Any pointer will be appreciated.

Shayan RC
  • 3,152
  • 5
  • 33
  • 40
  • I am sure there is nothing wrong with the code. and I beleive the algorithm (backprop) is sufficiently well described for anyone familiar with neural networks. What I want to know is what else could have gone wrong.. I am removing the cuda tag to prevent misleading anyone into thinking this is a CUDA question – Shayan RC Aug 01 '13 at 05:16
  • 4
    From my experience, this can happen when your parameters overrun or some functions return infinity (the logarithm for example if you're using the logistic loss function). I would check for numerical problems first, e.g. with a gradient checker. But this is way too broad so I guess we can't help you with that. – Thomas Jungblut Aug 01 '13 at 06:41
  • The output does not become infinity suddenly but gradually after some initial oscillations. And it starts diverging after only after any of the weights become greater than one. So it is not due to any one function returning infinity. I have added some more information. Hope it helps. – Shayan RC Aug 02 '13 at 03:56
  • duplicate of https://cs.stackexchange.com/questions/13587/neural-network-diverging-instead-of-converging – badp Jun 13 '19 at 09:44

2 Answers2

4
  1. If the problem you are trying to solve is of classification type, try 3 layer network (3 is enough accordingly to Kolmogorov) Connections from inputs A and B to hidden node C (C = A*wa + B*wb) represent a line in AB space. That line divides correct and incorrect half-spaces. The connections from hidden layer to ouput, put hidden layer values in correlation with each other giving you the desired output.

  2. Depending on your data, error function may look like a hair comb, so implementing momentum should help. Keeping learning rate at 1 proved optimum for me.

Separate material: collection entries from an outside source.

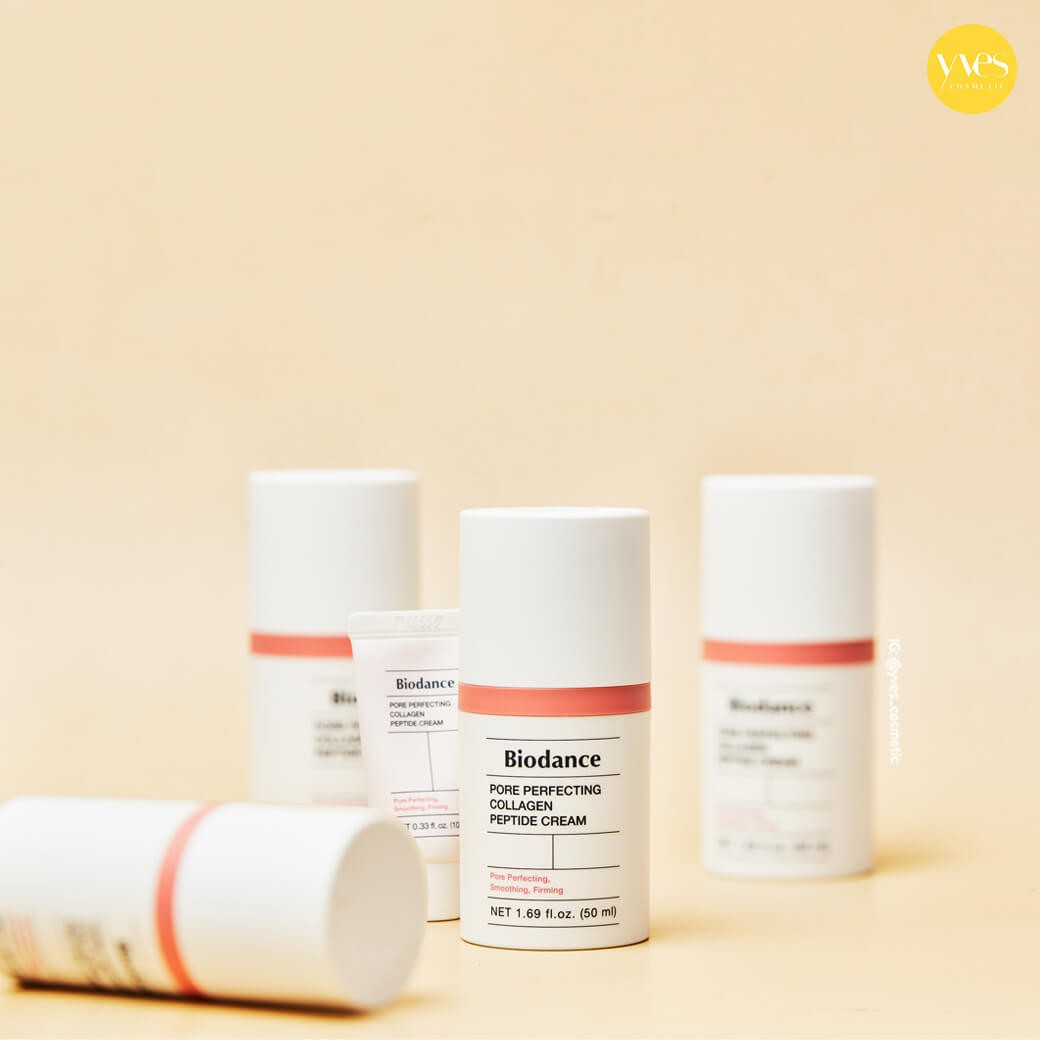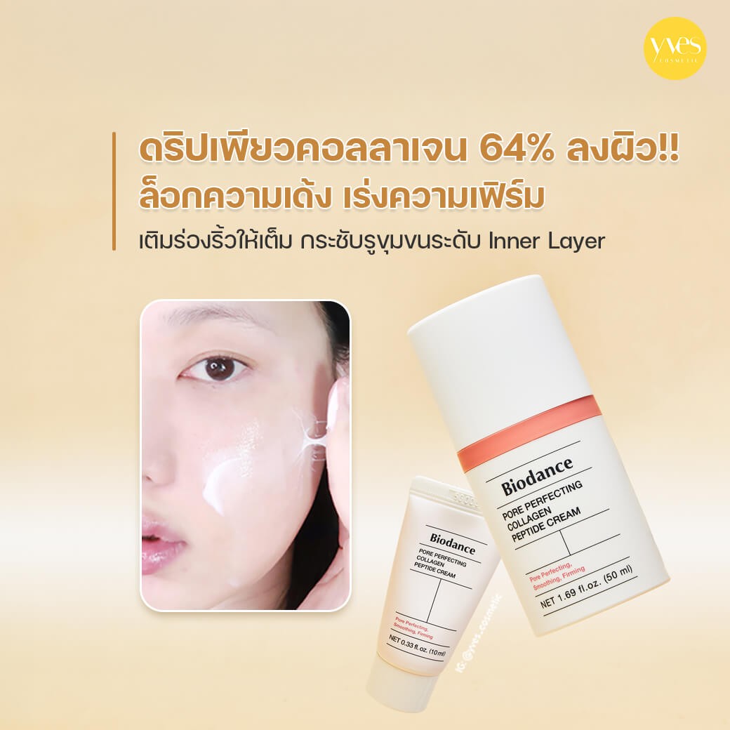 กด Biodance Pore Perfecting Collagen Peptide Cream ในปริมาณที่พอเหมาะ (ประมาณ 1-2 ปั๊ม หรือเท่าขนาดเม็ดถั่ว) สามารถใช้ได้ทั้งตอนเช้าและตอนเย็น ควรทาครีมให้ทั่วใบหน้าอย่างสม่ำเสมอ เน้นบริเวณที่มีปัญหารูขุมขนกว้างเป็นพิเศษ นวดหรือตบเบาๆ จนเนื้อครีมซึมซาบเข้าสู่ผิวจนหมด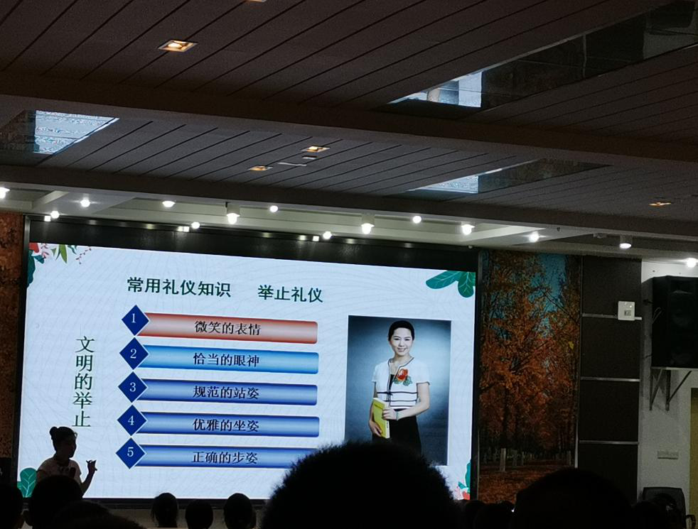 吴老师首先讲了礼仪的重要性。通过自身的成长经历,现身说法告诉大家“不学礼,无以立”,让同学们认识到礼仪之重要。在讲述中,吴老师通过图例分析、实例列举、外交故事等,教会同学们在生活中如何做到有礼有节。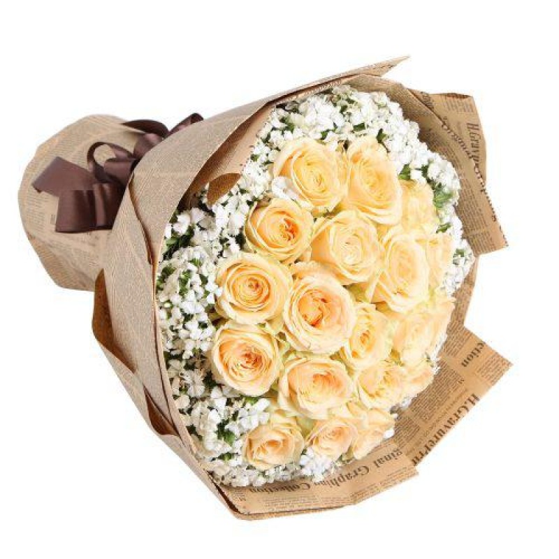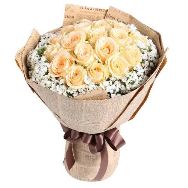 花礼/阳光海岸/19枝香槟玫瑰/七夕情人节礼物鲜花送人/当日达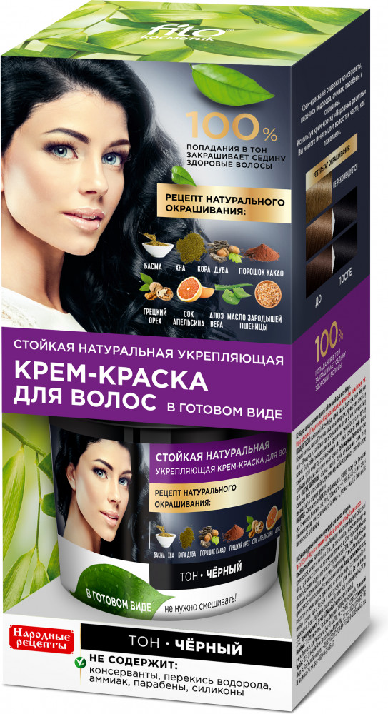 Народные рецепты Крем-краска для волос, оттенок Черный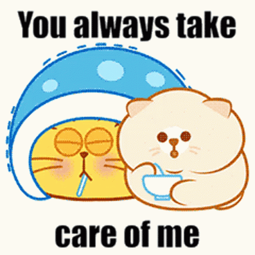Egg Yolk Cat and Happy Kitty in a heartwarming scene, with the message 'You always take care of me'.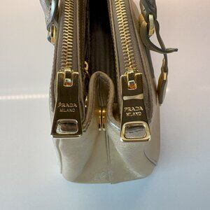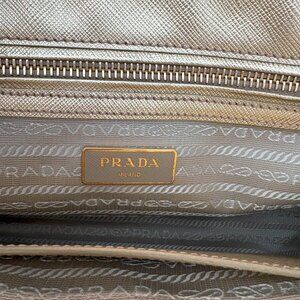 Hardware: Gold-tone hardware accents, including the iconic Prada logo plaque on the front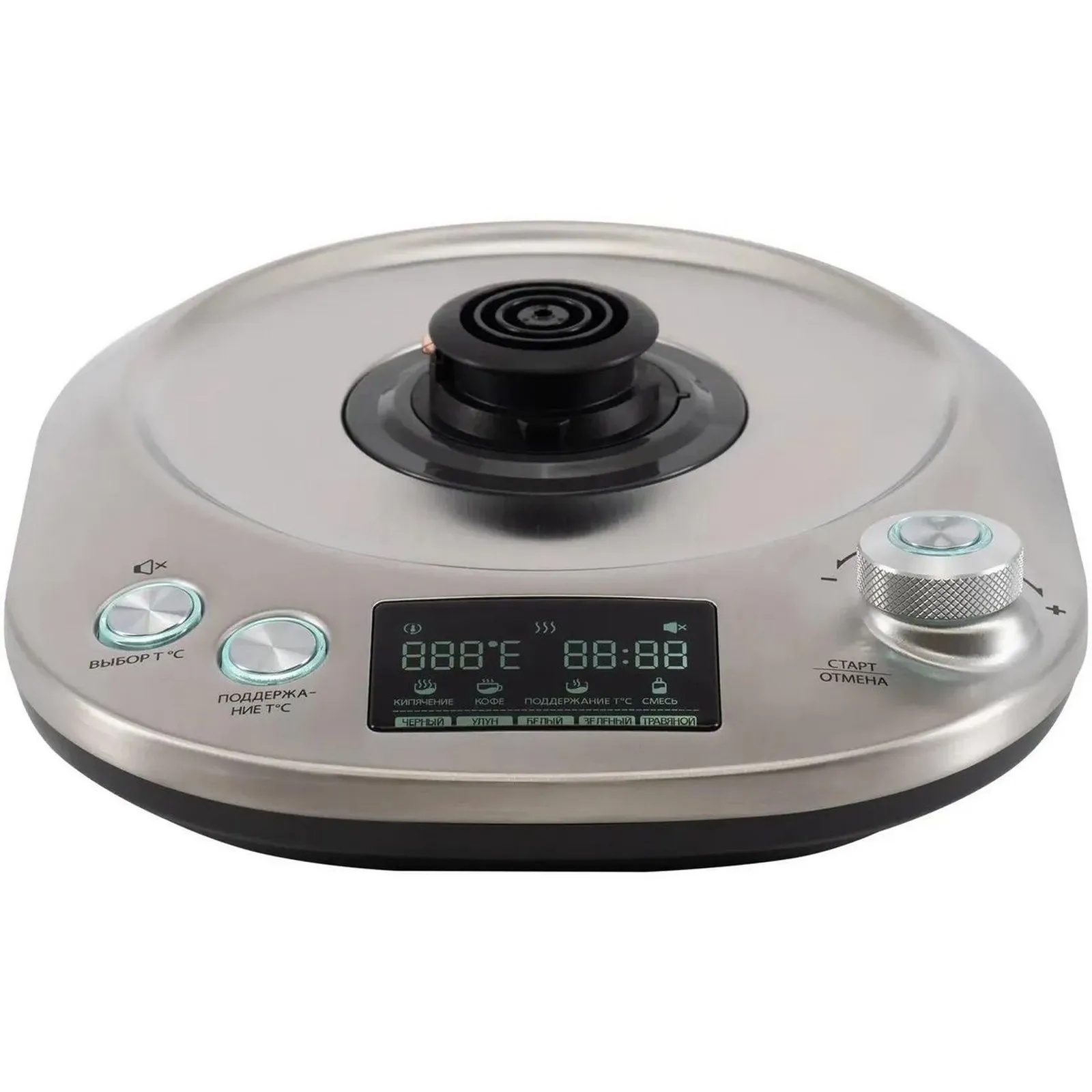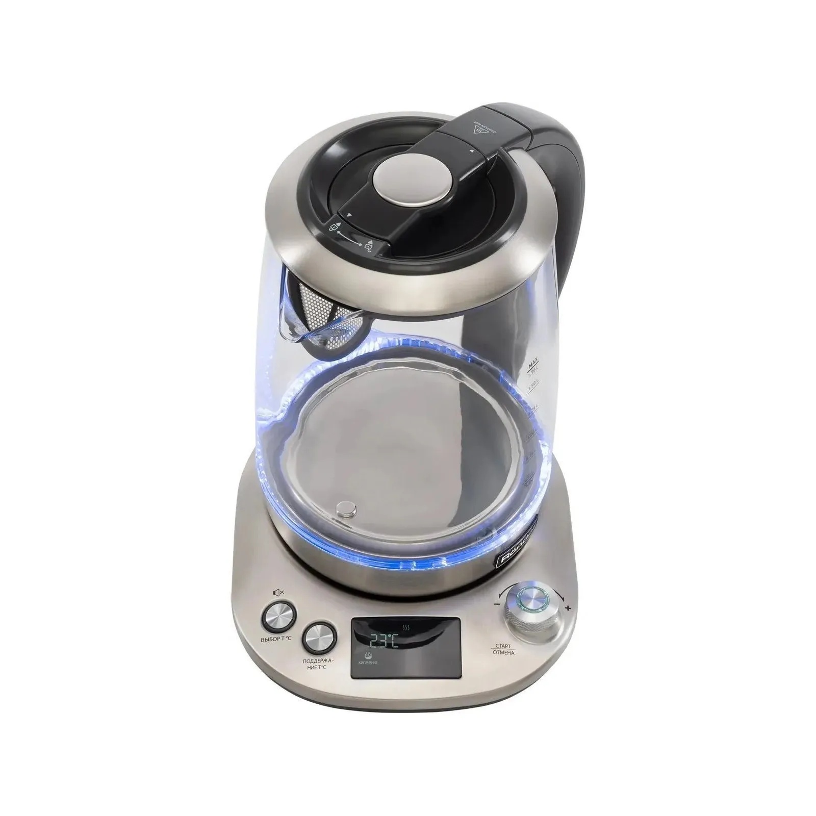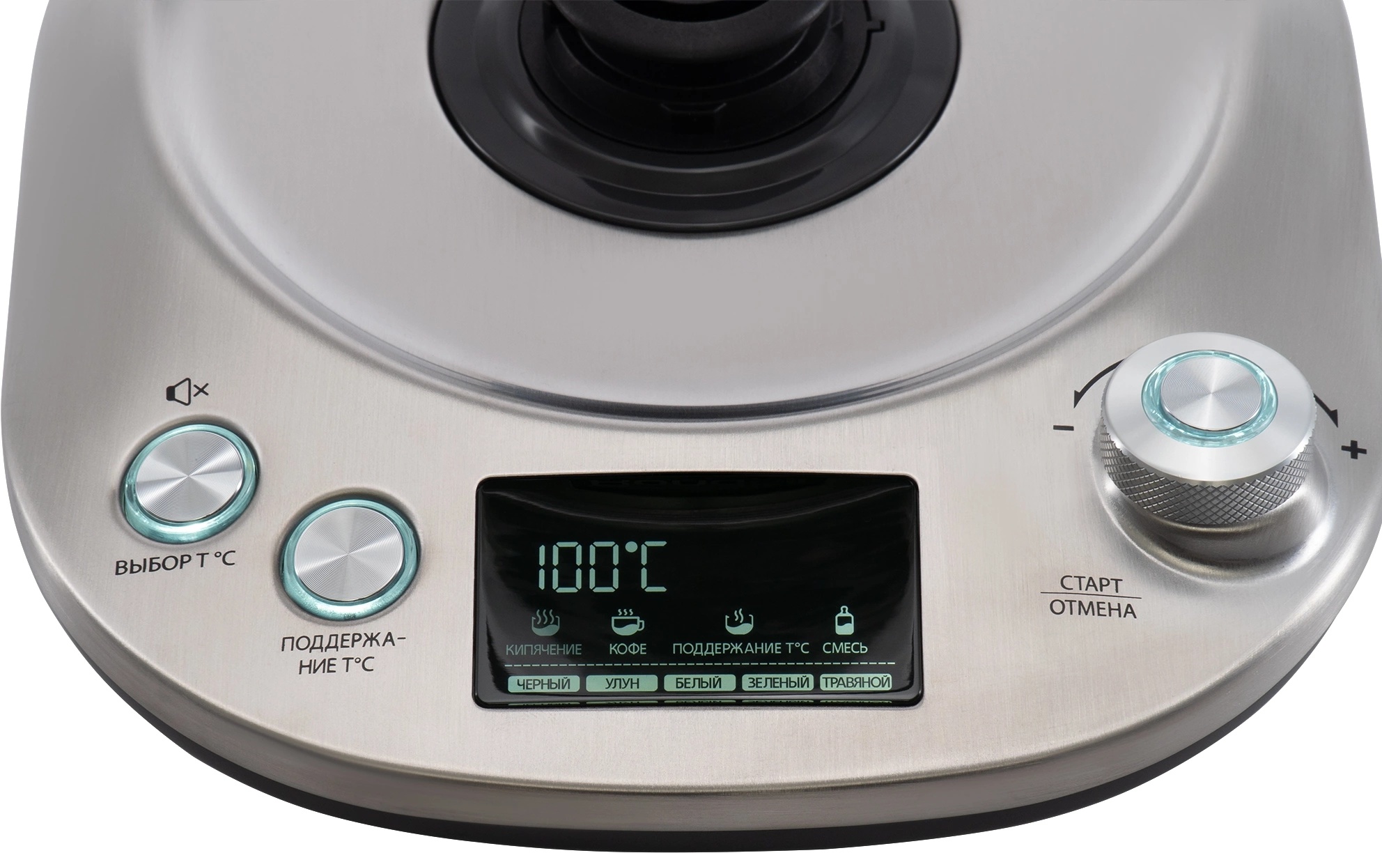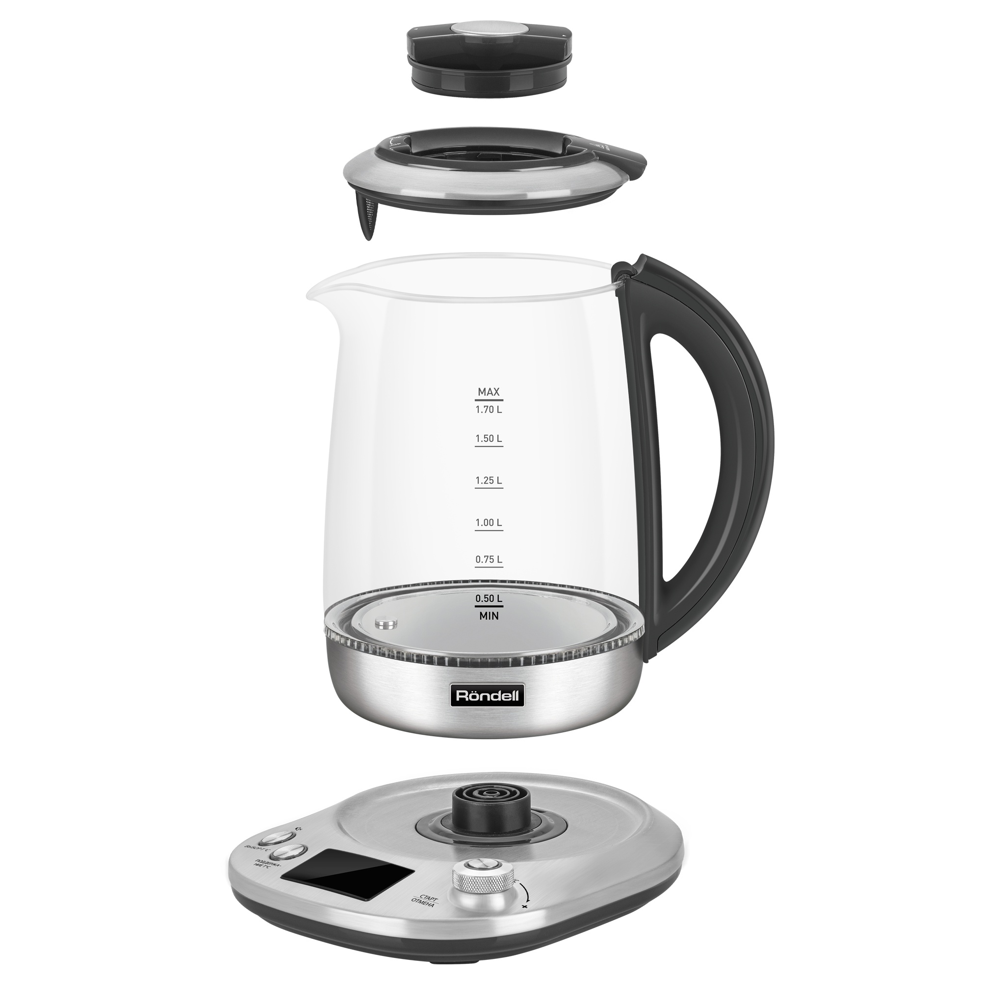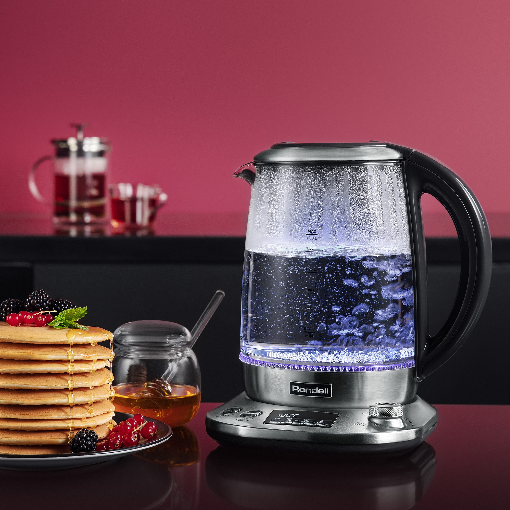 Многофункциональность и современный дизайн электрического чайника RDE-1003 оценят даже самые взыскательные покупатели. Благодаря максимальной мощности в 2200 Вт он вскипятит до 1.7 л воды за считаные минуты. Прибор имеет электронную базу с большим LCD-дисплеем, с помощью которого вы сможете выбрать один из шести автоматических режимов для приготовления напитков или отрегулировать температуру воды от 40° до 100° с шагом в 1°. Корпус чайника выполнен из термостойкого стекла и декорирован стильными элементами из нержавеющей стали. Красивая подсветка делает использование устройства особенно приятным. Благодаря продуманной конструкции чайник поворачивается на 360° при установке на базу. Следить за уровнем воды помогает специальная шкала, нанесенная на стенку стеклянного корпуса. Чайник оснащен сертифицированным английским контроллером STRIX, который гарантирует 15 000 циклов кипячения и продлевает срок службы устройства в 5 раз. В приборе продумана каждая деталь! Например, наливать воду в чайник можно через специальное открывающееся отверстие в крышке. При желании крышку прибора можно снять полностью. Устройство также имеет несколько особенных функций: поддержания температуры на протяжении двух часов, памяти (устройство запоминает и воспроизводит последнюю настройку температуры), а также «спящий режим», когда чайник полностью отключается через 20 минут после последнего включения. В случае необходимости вы можете остановить кипячение или убрать звуковые сигналы при помощи соответствующих кнопок. Фильтр от накипи из нержавеющей стали, расположенный в носике чайника, легко снять и промыть. Чайник оснащен защитой от перегрева и автоматически отключается при закипании или отсутствии в нем воды. Купите чайник RDE-1003 и подарите себе непревзойденный уровень комфорта!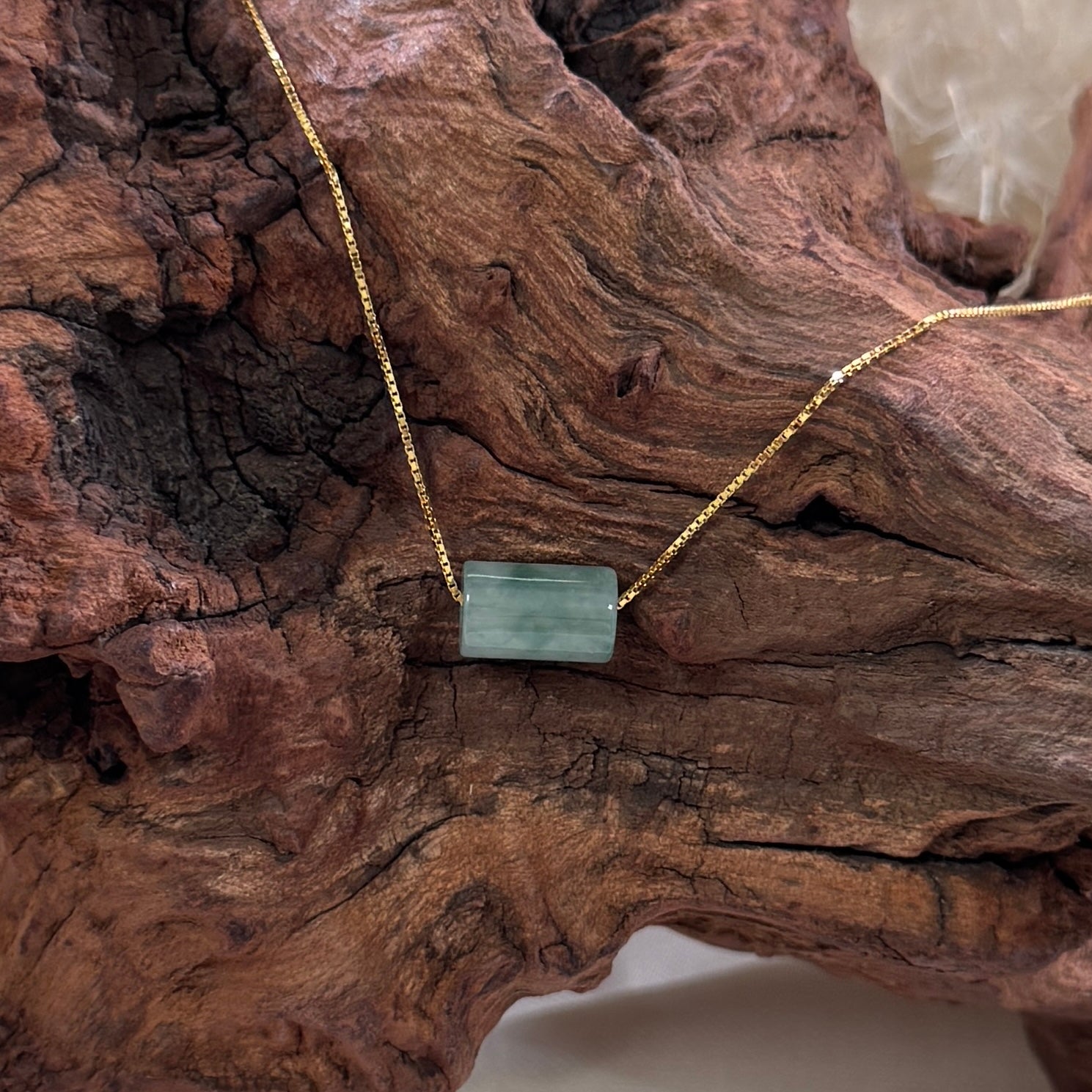 A jadeite barrel pendant suspended on a silver plated 18k gold chain. The Olea Necklace brings out jade’s natural green hues in a sleek, cylindrical form, combining timeless elegance with modern simplicity.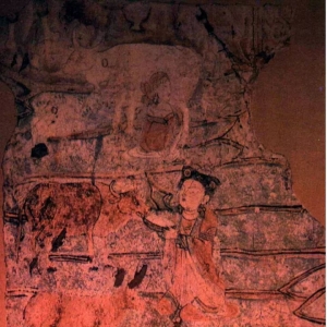 五代 莫高窟61窟南壁壁画 罗婆那王请佛上山与楞伽城说法 此图将罗婆那王请佛上山与释迦佛上山说法的两个场面紧紧相接,使画面更紧凑、情节更明。

  3. Your training sessions will get stuck in local minima every once in a while, so network training will consist of a few subsequent sessions. If session exceeds max iterations or amplitude is too high, or error is obviously high - the session has failed, start another.

  4. At the beginning of each, reinitialize your weights with random (-0.5 - +0.5) values.

  5. It really helps to chart your error descent. You will get that "Aha!" factor.

Lex Podgorny
  • 2,598
  • 1
  • 23
  • 40
  • 3
    Do you have a reference for the Kolmogorov rule on the number of layers? – Luis Jun 27 '16 at 18:20
  • 1
    @Luis my impression is that the 3 layer thing is outdated, given the advent of deep learning. – chris Jan 25 '18 at 00:56
  • 1
    @ChrisAnderson The 3 layer "thing" is not a "thing". Is a mathematical reflection and analysis on what you want to do, why and with which methods. Granted, you may put more and more layers (or lots of nodes, for that matter), but that doesn't guarantee that you're tackling your problem accordingly. The question about the number of layers remains interesting, especially for the original question: *I have implemented a neural network (using CUDA) with 2 layers. (2 Neurons per layer). I'm trying to make it learn 2 simple quadratic polynomial functions using backpropagation.* – Luis Jan 26 '18 at 14:55
  • Oh, sorry. I think I've seen someone recommend something like that _in general_, which frustrated me. What you said makes sense (I didn't pay attention to the actual question text). – chris Jan 27 '18 at 17:17
4

The most common reason for a neural network code to diverge is that the coder has forgotten to put the negative sign in the change in weight expression.

another reason could be that there is a problem with the error expression used for calculating the gradients.

if these don't hold, then we need to see the code and answer.

sidquanto
  • 315
  • 3
  • 6